К магазину примыкал низкорослый, длинный, с подвалом, сарай, саженях в двадцати от него – кирпичный перстень церковной ограды и церковь с куполом, похожим на вызревшую зеленую луковицу. По ту сторону церкви – выбеленные, казенно-строгие стены школы и два нарядных дома: голубой, с таким же палисадником – отца Панкратия, и коричневый (чтобы не похож был), с резным забором и широким балконом – отца Виссариона. С угла на угол двухэтажный, несуразно тонкий домик Атепина, за ним почта, соломенные и железные крыши казачьих куреней, покатая спина мельницы с жестяными ржавыми петухами на крыше.

Жили, закрывшись от всего синего мира наружными и внутренними, на болтах, ставнями. С вечера, если не шли в гости, зачековывали болты, спускали с привязи цепных собак, и по немому хутору тарахтела лишь деревянным языком стукотушка ночного сторожа.

II

В конце августа Митька Коршунов случайно встретился возле Дона с дочерью Сергея Платоновича Елизаветой. Он только что приехал из-за Дона и, примыкая к коряге баркас, увидел крашеную легонькую лодку, легко бороздившую течение. Лодка шла из-под горы, направляясь к пристани, на веслах сидел Боярышкин. Голая голова его блестела по?том, на лбу и висках вздулись веточки жил.

Митька не сразу узнал Елизавету. На глаза ее падала от соломенной шляпы сизая тень. Загорелыми руками прижимала к груди ворох желтых водяных кувшинок.

– Коршунов! – Она закивала головой, увидев Митьку. – Обманул меня?

– Как так обманул?

– А помнишь, обещался ехать со мной рыбалить?

Боярышкин бросил весла и разогнул спину. Лодка с разлета вылезла носом на землю, с хрустом дробя прибрежный мел.

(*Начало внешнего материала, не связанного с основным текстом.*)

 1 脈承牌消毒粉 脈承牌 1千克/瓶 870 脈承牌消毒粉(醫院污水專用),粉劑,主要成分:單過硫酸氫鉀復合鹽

– Помнишь? – смеялась Лиза, выскакивая из лодки.

– Некогда было. Работа, – оправдывался Митька и с перехваченным дыханием следил за подходившей к нему девушкой.

– Нет! Это невозможно!.. Я, Елизавета Сергеевна, отказываюсь. Вот вам хомут и дуга, а я вам больше не слуга! Подумайте, сколько исколесили по этой проклятой воде. У меня кровавые мозоли от весел. То ли дело материк.

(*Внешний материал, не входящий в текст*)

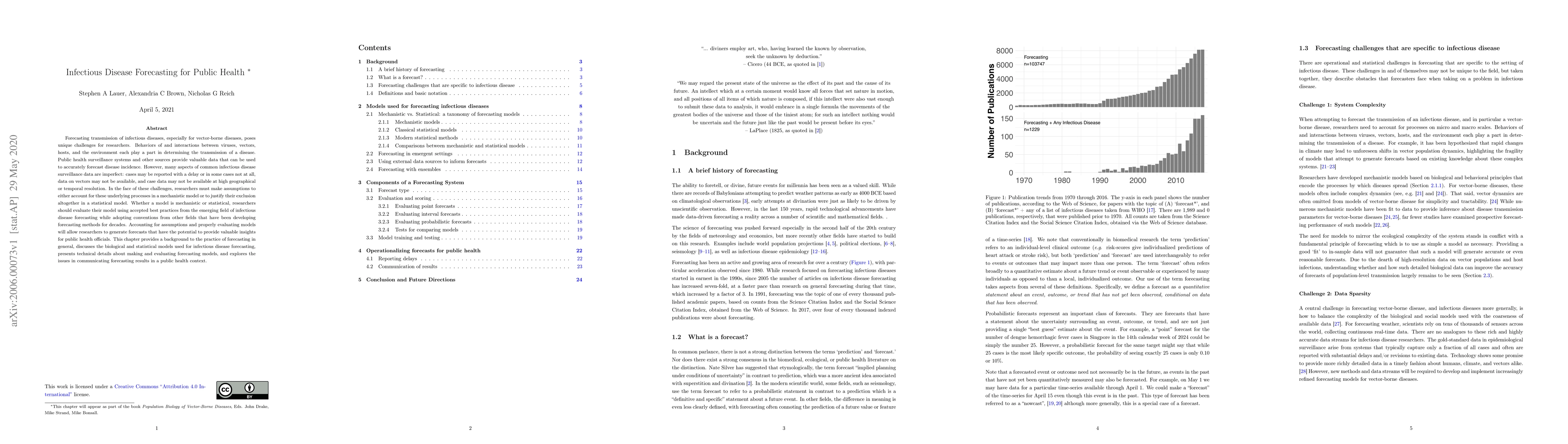 This paper discusses the complexities of forecasting infectious disease transmission, especially for vector-borne diseases, and emphasizes the importance of using both biological and statistical models to address data imperfections. It highlights the need for rigorous evaluation and communication of forecasting models to inform public health decisions.

Боярышкин твердо ступил на колючую крошку мела длинной босой ступней, вытер лоб верхом измятой студенческой фуражки. Не отвечая ему, Лиза подошла к Митьке. Тот неумело пожал протянутую ему руку.

– Когда же поедем рыбалить? – спросила, запрокидывая голову, щуря глаза.

– Хучь завтра. Обмолотились, теперича можно.

– Обманешь?

– Ну, нет!

– Рано зайдешь?

– До света.

– Буду ждать.

– Приду, ей-богу, приду!

– Не забыл, в какое окно стучать?

– Найду, – улыбнулся Митька.

– Я, наверное, скоро уеду. Хотелось бы порыбалить.

Митька молча вертел в руке заржавленный ключ от баркаса и смотрел ей в губы.

– Скоро? – спросил Боярышкин, рассматривая на ладони узорную ракушку.

– Сейчас поедем.

Она помолчала и, чему-то улыбаясь, спросила:

– Ведь у вас какая-то свадьба была?

– Сестру выдавали.

– За кого же это? – И, не дожидаясь ответа, улыбнулась непонятно и коротко. – Приходи же! – Снова, как тогда, в первый раз, на террасе моховского дома, улыбка жиганула Митьку крапивным укусом.